Mais revenons encore sur ces trésors : Avec des mises en scène plus claires dans ces récits, on pourrait penser qu’il deviendrait plus facile de comprendre de quoi s’agît le magatama. Et bien non, car la spiritualité shintô est très énigmatique, même pour les Japonais. Si vous avez visité un sanctuaire au Japon, vous avez sûrement remarqué qu’il y a souvent cette partie qui délimite les mortels et les divinités. Il s’agît souvent même du bâtiment tout entier. D’ailleurs, la réplique du miroir de Yata est conservée au grand sanctuaire de Isé. Mais avez-vous vu ce miroir durant une excursion ? Non, mais c’est normal.

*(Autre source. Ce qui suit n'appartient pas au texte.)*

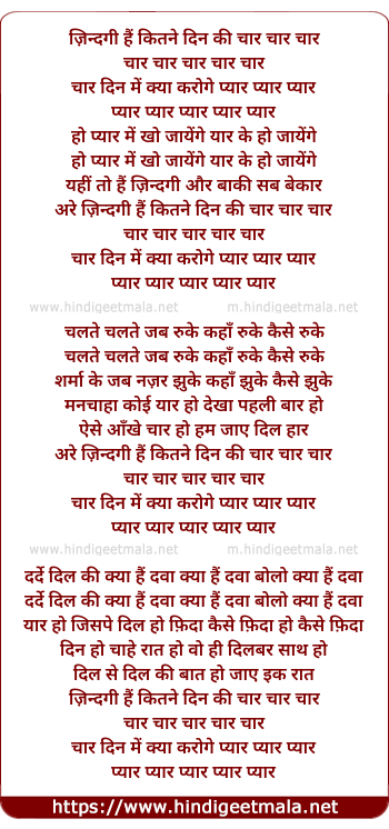 zindagi hai kitne din ki chaar chaar chaar

J’ai bien dit « réplique » concernant le mirioir, parce que parmi les trois reliques, seul le magatama semble être d’origine au détriment des deux autres qui sont perdus à jamais. Une théorie, encore une, rendant ce miracle possible est la proximité du bijou avec l’empereur au palais impérial. Encore aujourd’hui, les trois trésors sont utilisés lors du sacrement des nouveaux empereurs. Cependant, beaucoup de questions resteront sans réponses car ce rituel est strictement fermé au public. A part le peu de personnes pouvant y participer, nul ne sait vraiment quel est le rôle des régalias durant ce rite, y compris le magatama.

Finalement, il semble que j’ai abordé beaucoup d’élément pour ne finalement rien conclure. Même si cela peut sembler frustrant qu’un objet tant présent nous apporte plus de questions que de réponses, c’est aussi tout le charme du magatama. En plus, si son origine était trop claire, il se peut que son usage dans la culture populaire ait été délicat. C’est bien au contraire tout son aura énigmatique qui le rend si polyvalent. La seule information dont je peux m’avancer sans craintes, c’est qu’il s’agît bel et bien d’une figure sacrée aux pouvoirs mystérieux. Même si notre quotidien contemporain nous pousse souvent à vouloir tout sous contrôle sans incertitudes, porter un magatama peut nous rappeler une belle capacité que nous avons en tant qu’être humain: Faire confiance, tout simplement.